## WHAT IS EXPECTED
Using the records below, return exactly the lines from the one containing "Diamant 4.8 (13)" through the last, and omit pictures.

──────

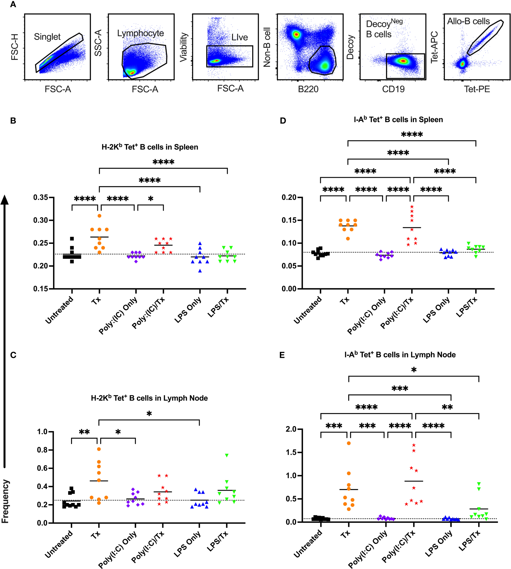 ). Splenic and lymph node cells were stained with MHC class I (B, C) and MHC class II (D, E) tetramers. Tick line represents mean of untreated group. (p)<0.05 (*), p<0.01 (**), p<0.001 (***), and p<0.0001 (****).
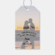 La etiqueta de favor con el mensaje de agradecimiento forma parte de la colección We Do. Es ideal para acompañar a un boda de verano en la playa o al atardecer. Los colores son melocotón claro y violeta oscuro.
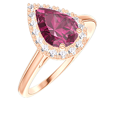 « L'ATELIER » NR. 175802Ring Roségold 750/-(18Kt) - Rubin Tropfen 0.5 Karat - Halo Diamant 4.8 (13)
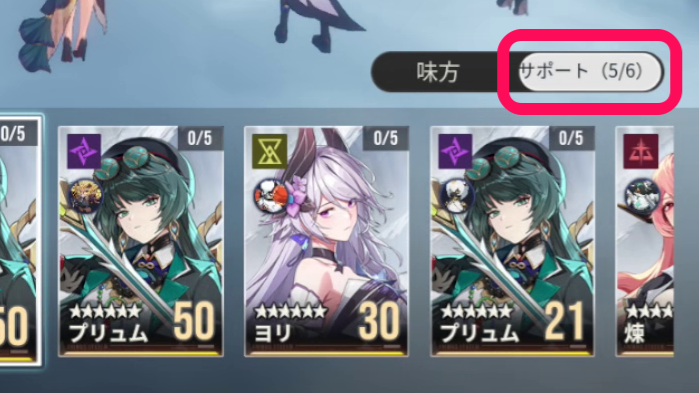 「サポート」タブをタップすることで協会メンバーが設定してるサポートキャラを編成することができます。
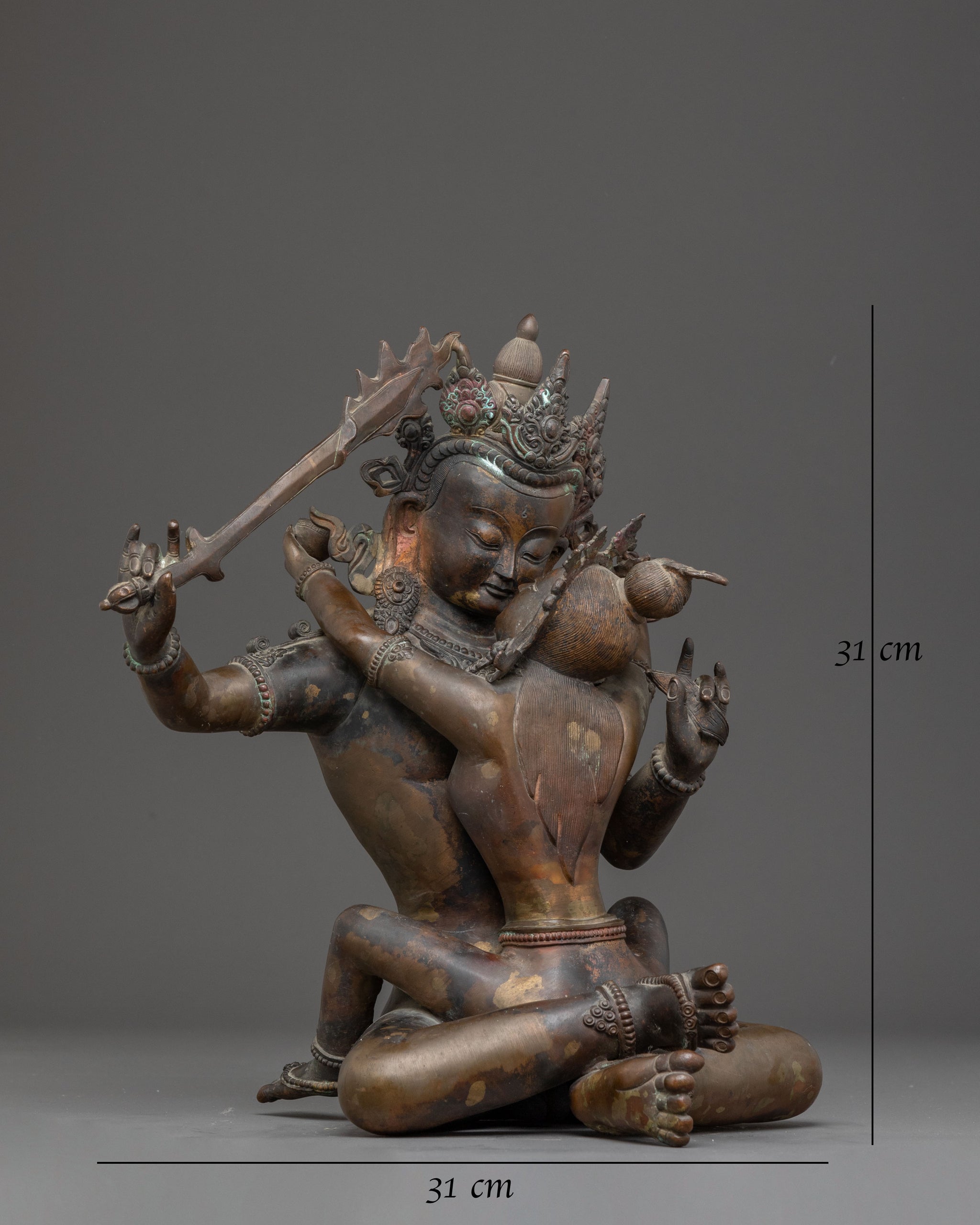 Handmade Manjushri with Consort Oxidized Statue – Ancient Wisdom Sculpture
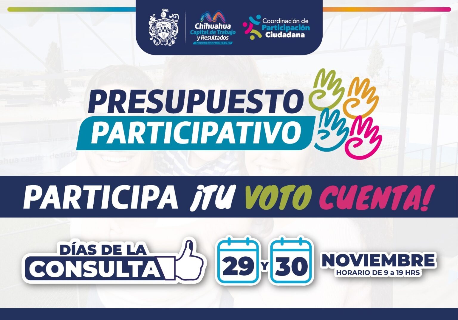 La consulta se llevará a cabo los días 29 y 30 de noviembre, donde las y los chihuahuenses decidirán qué proyectos deberán financiarse en distintas colonias de la ciudad para el 2026.
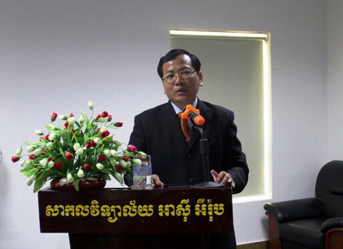 7月22日,由柬埔寨王家研究院孔子学院主办,亚欧大学承办的“酒店及旅游管理培训班”结业典礼在金边亚欧大学金色大楼会议室举行。柬埔寨旅游部国务秘书(副部长)斯当索坤阁下(H.E. SDEUNG SOKHOM),中国驻柬埔寨大使馆二等秘书韩静女士,柬埔寨王家研究院孔子学院院长谢莫尼勒阁下(H.E.CHEA MUNYRITH)、中方院长帅式毅,九江学院选派的培训教师王丽霞、李翔宇,亚欧大学校长谢索皮博士(CHEA SOPHEAP)、各学院负责人、中文系全体公派教师及汉语教师志愿者及经济及旅游管理学院全体学生参加了结业典礼。
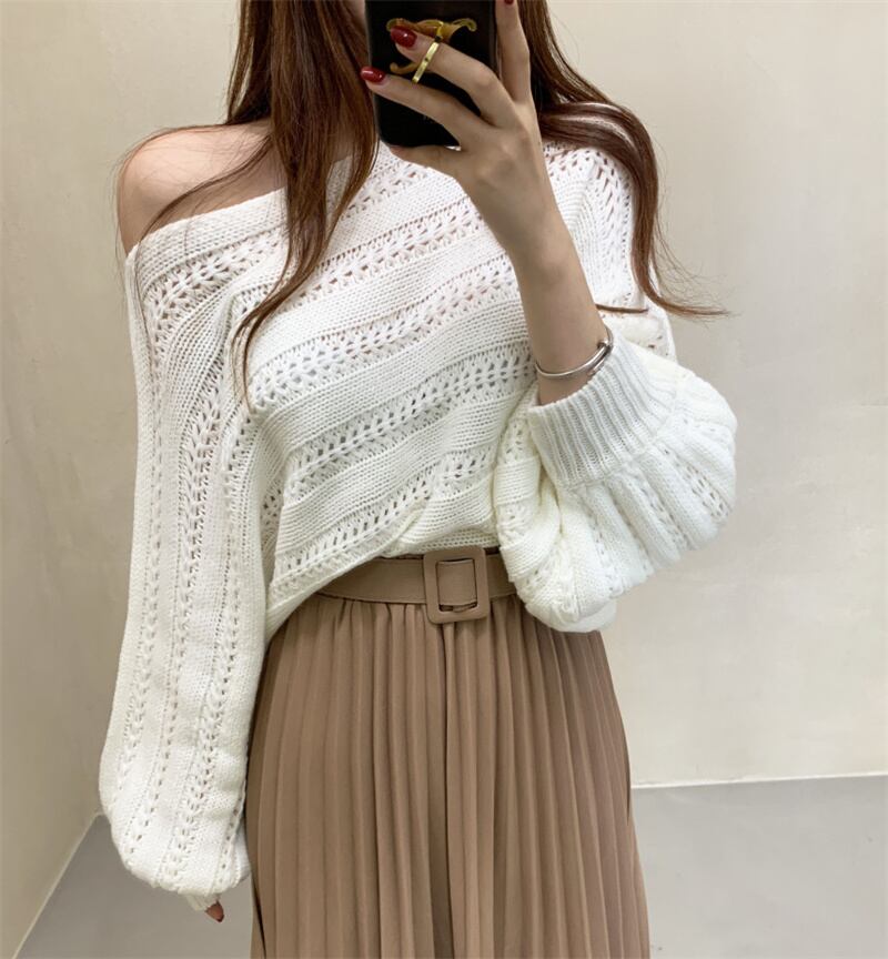 INS 秋新作 カジュアル ファッション ボートネック 合わせやすい セーター
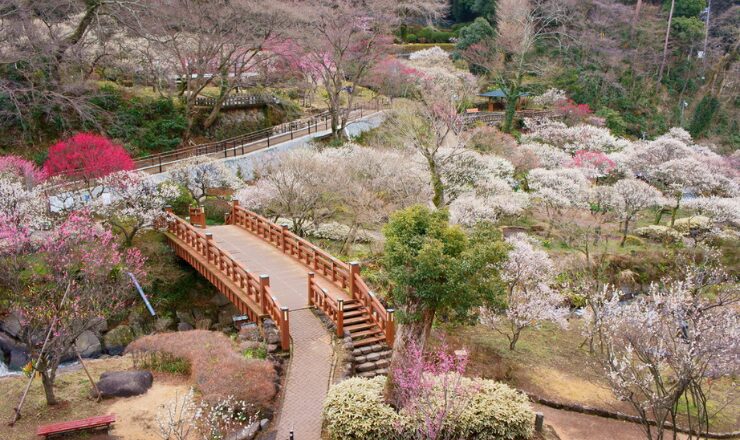 熱海梅園は、四季折々の花々が楽しめる歴史ある日本庭園で、愛犬と一緒にリードをつけて散策できる自然豊かなスポットです。
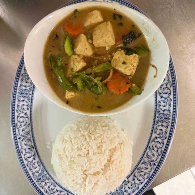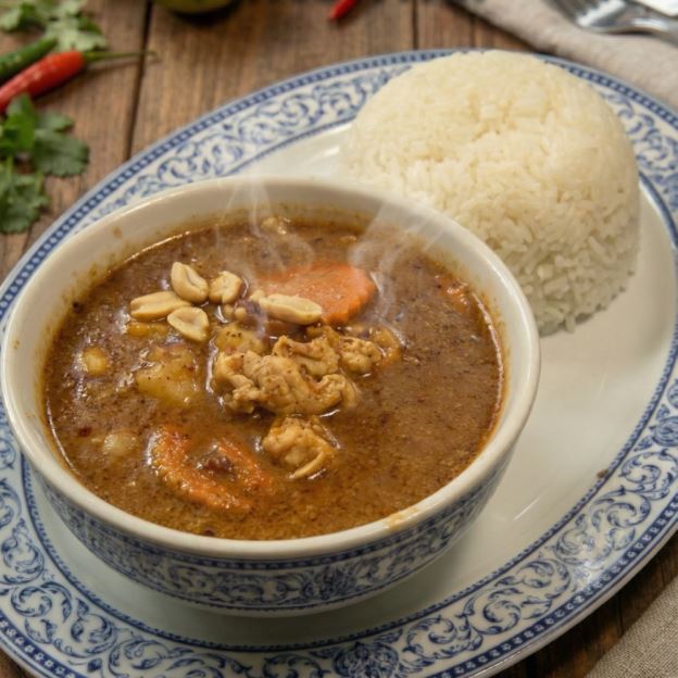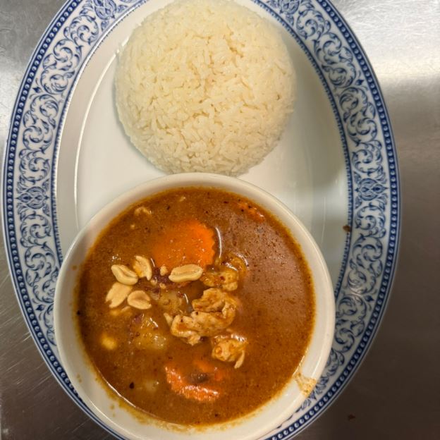 TENDER CHICKEN BREAST SAUTEED IN AN AUTHENTIC THAI MASSAMUN CURRY W/ POTATOES, CARROTS, AND PEANUTS
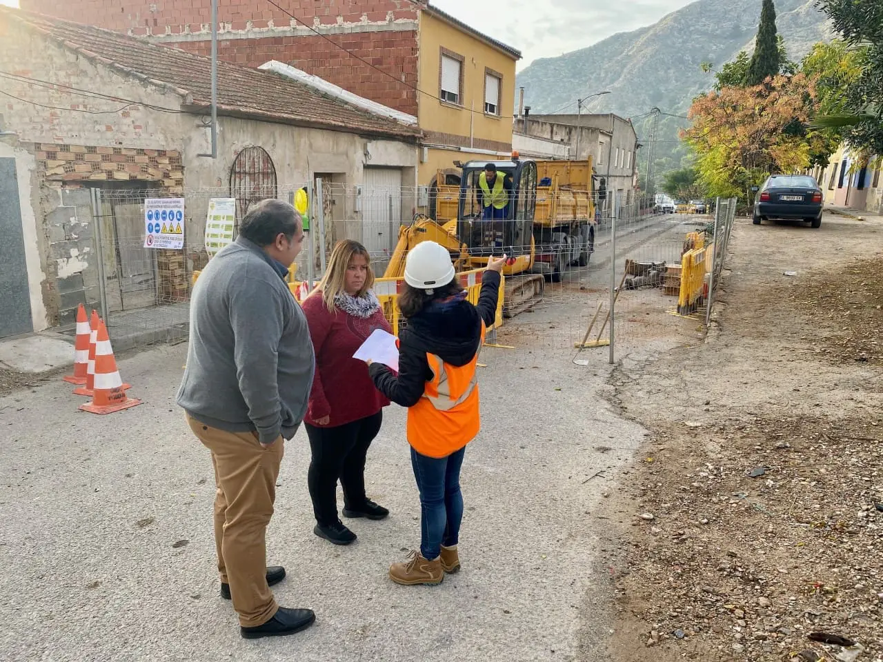 El concejal de Infraestructuras, Ángel Noguera, y la alcaldesa pedánea de San Antón, Vanesa Sánchez, han visitado las obras de reposición de la red de agua potable y saneamiento en el camino de la Cruz de la Muela, en el mencionado barrio.
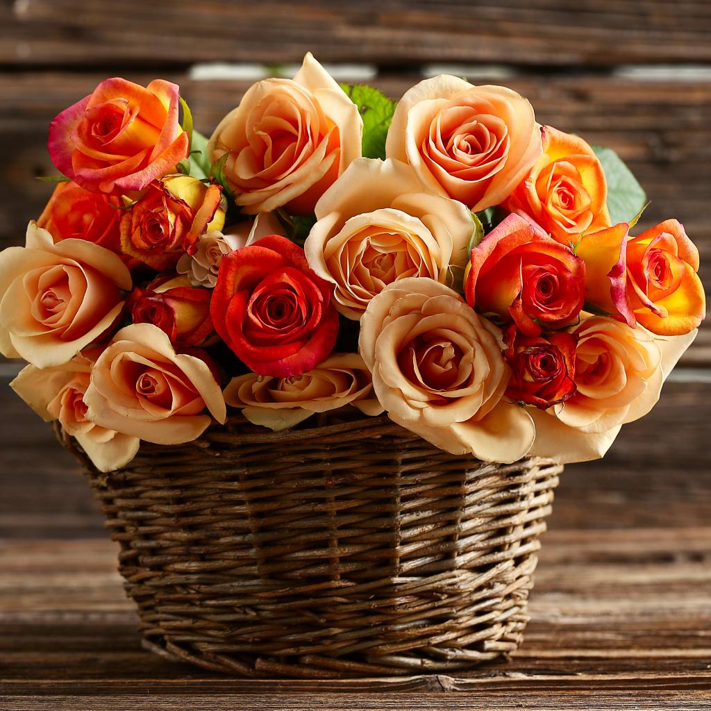 Обои Букет оранжевых и желтых тюльпанов в корзине
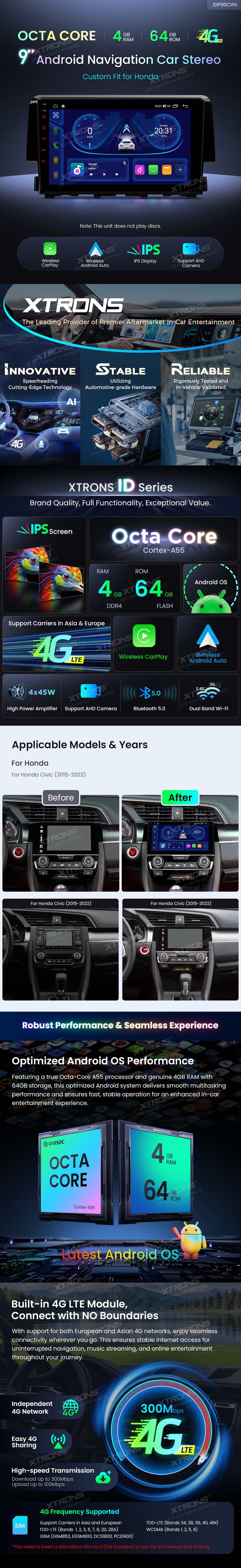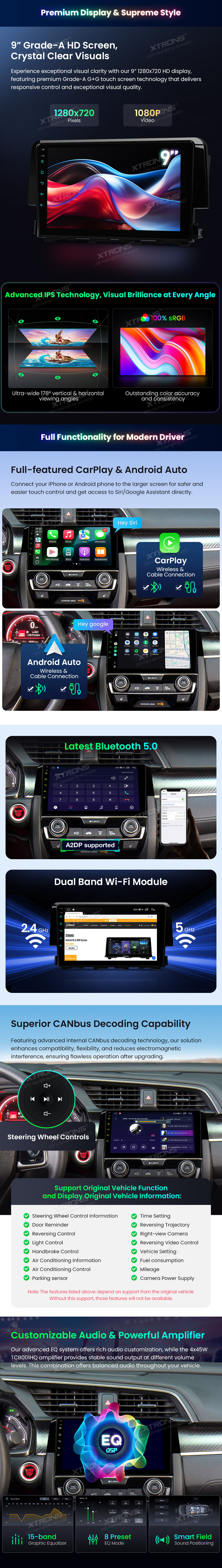 9 Inch Octa Core 4+64GB IPS Display EQ DSP Multiple UI Android Navigation Car Stereo for Honda Civic 2015-2022

──────

## SOLUTION TO THIS TASK
 « L'ATELIER » NR. 175802Ring Roségold 750/-(18Kt) - Rubin Tropfen 0.5 Karat - Halo Diamant 4.8 (13)
 「サポート」タブをタップすることで協会メンバーが設定してるサポートキャラを編成することができます。
 Handmade Manjushri with Consort Oxidized Statue – Ancient Wisdom Sculpture
 La consulta se llevará a cabo los días 29 y 30 de noviembre, donde las y los chihuahuenses decidirán qué proyectos deberán financiarse en distintas colonias de la ciudad para el 2026.
 7月22日,由柬埔寨王家研究院孔子学院主办,亚欧大学承办的“酒店及旅游管理培训班”结业典礼在金边亚欧大学金色大楼会议室举行。柬埔寨旅游部国务秘书(副部长)斯当索坤阁下(H.E. SDEUNG SOKHOM),中国驻柬埔寨大使馆二等秘书韩静女士,柬埔寨王家研究院孔子学院院长谢莫尼勒阁下(H.E.CHEA MUNYRITH)、中方院长帅式毅,九江学院选派的培训教师王丽霞、李翔宇,亚欧大学校长谢索皮博士(CHEA SOPHEAP)、各学院负责人、中文系全体公派教师及汉语教师志愿者及经济及旅游管理学院全体学生参加了结业典礼。
 INS 秋新作 カジュアル ファッション ボートネック 合わせやすい セーター
 熱海梅園は、四季折々の花々が楽しめる歴史ある日本庭園で、愛犬と一緒にリードをつけて散策できる自然豊かなスポットです。
 TENDER CHICKEN BREAST SAUTEED IN AN AUTHENTIC THAI MASSAMUN CURRY W/ POTATOES, CARROTS, AND PEANUTS
 El concejal de Infraestructuras, Ángel Noguera, y la alcaldesa pedánea de San Antón, Vanesa Sánchez, han visitado las obras de reposición de la red de agua potable y saneamiento en el camino de la Cruz de la Muela, en el mencionado barrio.
 Обои Букет оранжевых и желтых тюльпанов в корзине
 9 Inch Octa Core 4+64GB IPS Display EQ DSP Multiple UI Android Navigation Car Stereo for Honda Civic 2015-2022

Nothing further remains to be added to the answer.